Dublino piange il suo musicista: i tributi dal mondo della musica e del cinema

La morte di Glen Hansard ha scosso profondamente il mondo della musica e del cinema. I tributi arrivati nelle ore e nei giorni successivi al 29 luglio 2026 hanno dipinto il ritratto di un uomo amato non solo per la sua arte, ma per la sua umanità. Colleghi musicisti, registi, produttori, attori — tutti hanno voluto dire la loro, ricordare un incontro, un concerto, una conversazione. Il filo comune di tutti questi messaggi era lo stesso: Glen Hansard era una persona buona, generosa, presente. Un artista che non si nascondeva dietro la sua arte, ma la usava per connettersi con gli altri.

Dublino, la città che lo aveva formato e che lui aveva cantato con così tanto amore, ha vissuto quei giorni con un dolore palpabile. Perché Hansard non era solo un musicista irlandese famoso nel mondo: era uno di loro, uno che era rimasto fedele alle sue radici anche quando il successo avrebbe potuto portarlo altrove. La sua morte in quella stessa città, sulle strade che aveva percorso tutta la vita, ha qualcosa di tragicamente coerente con chi era.

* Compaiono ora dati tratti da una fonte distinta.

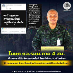 โฆษก กอ.รมน.ภาค 4 สน. ชี้แจงกรณีสื่อสังคมออนไลน์ โพสต์ข้อความเรียกร้องให้ กอ.รมน.ภาค 4 สน. ชี้แจงเกี่ยวกับ งบสร้างฐานปฏิบัติการ ในพื้นที่ จชต.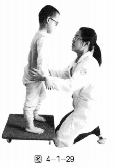 孩子双脚站立于平衡板上,治疗师双手扶持其髋部,帮助其身体慢慢左右摇动,使双下肢交替伸展、屈曲(图4-1-29)。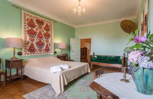 - A large bedroom with 180 cm bed and an Empire style sofa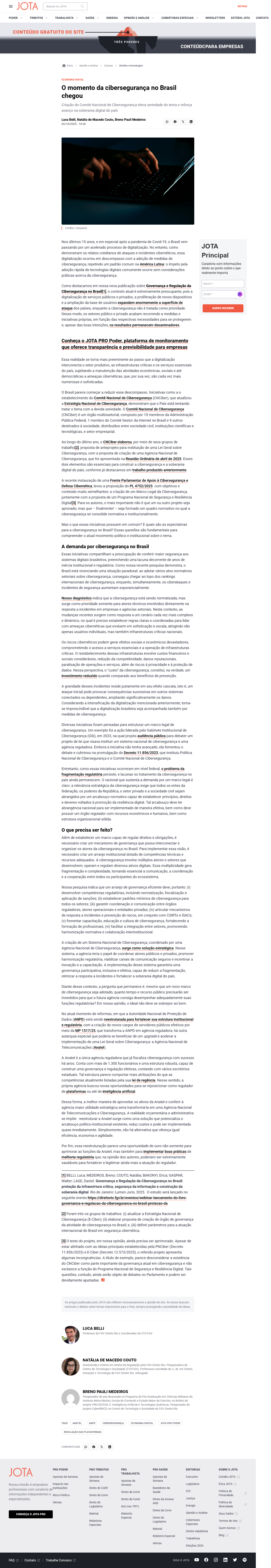 [1] BELLI, Luca; MEDEIROS, Breno; COUTO, Natália; BAKONYI, Erica; GASPAR, Walter; LAGE, Daniel. Governança e Regulação da Cibersegurança no Brasil: proteção da infraestrtura crítica, segurança da informação e construção da soberania digital. Rio de Janeiro: Lumen Juris, 2025. O estudo será lançado no seguinte evento https://direitorio.fgv.br/eventos/webinar-lancamento-do-livro-governanca-e-regulacao-da-ciberseguranca-no-brasil-protecao-da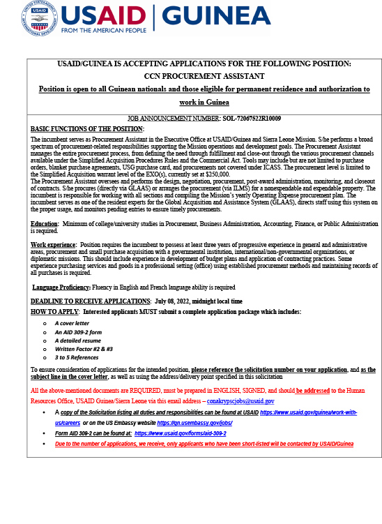 Opportunités d'emplois AVIS DE RECRUTEMENT PROCUREMENT ASSISTANT Par Sékou Mohamed SAVANE - 8 juin 2022 0 453 FacebookTwitterPinterestWhatsApp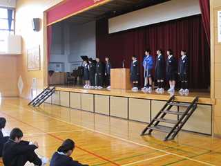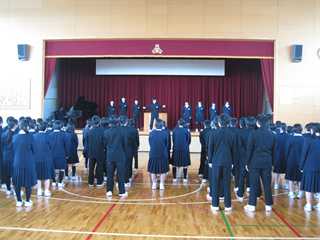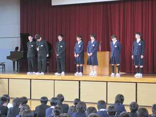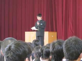 本日(25日)、生徒会本部が担当する生徒朝会を行いました。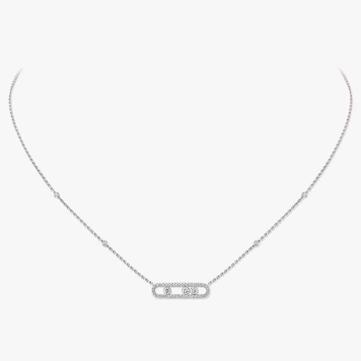 A refined blend of timeless elegance and radiant brilliance, the Messika Baby Move Pavé Necklace 04322-WG in 18K white gold is a delicate piece that magnifies the beauty of the central diamonds through a pavé-set diamond setting. Designed by Valérie Messika, this necklace embodies the essence of modern luxury with a classic twist.

Chi volesse riscoprire o approfondire la sua musica e il suo lascito può trovare materiale prezioso su NPR, che ha dedicato all’artista un’obituary approfondita, raccogliendo voci e testimonianze di chi lo ha conosciuto e amato.

Quello che rimane, dopo la notizia, dopo i tributi, dopo il dolore, è la musica. Falling Slowly continuerà a girare, Once continuerà a essere scoperto da nuovi spettatori che non sapranno niente di Glen Hansard e poi vorranno sapere tutto. The Frames continueranno a suonare negli stereo di chi li ha amati, e forse anche in quelli di chi li scoprirà adesso, spinto dalla curiosità che nasce dal lutto. Glen Hansard è morto a 56 anni, in una mattina di luglio dublinese, ma la sua voce — quella voce capace di spezzare il cuore e ricomporlo nello stesso istante — non smette di risuonare. E non smetterà per molto, molto tempo ancora.

Questo articolo è stato realizzato con il supporto dell'AI e sottoposto a revisione editoriale.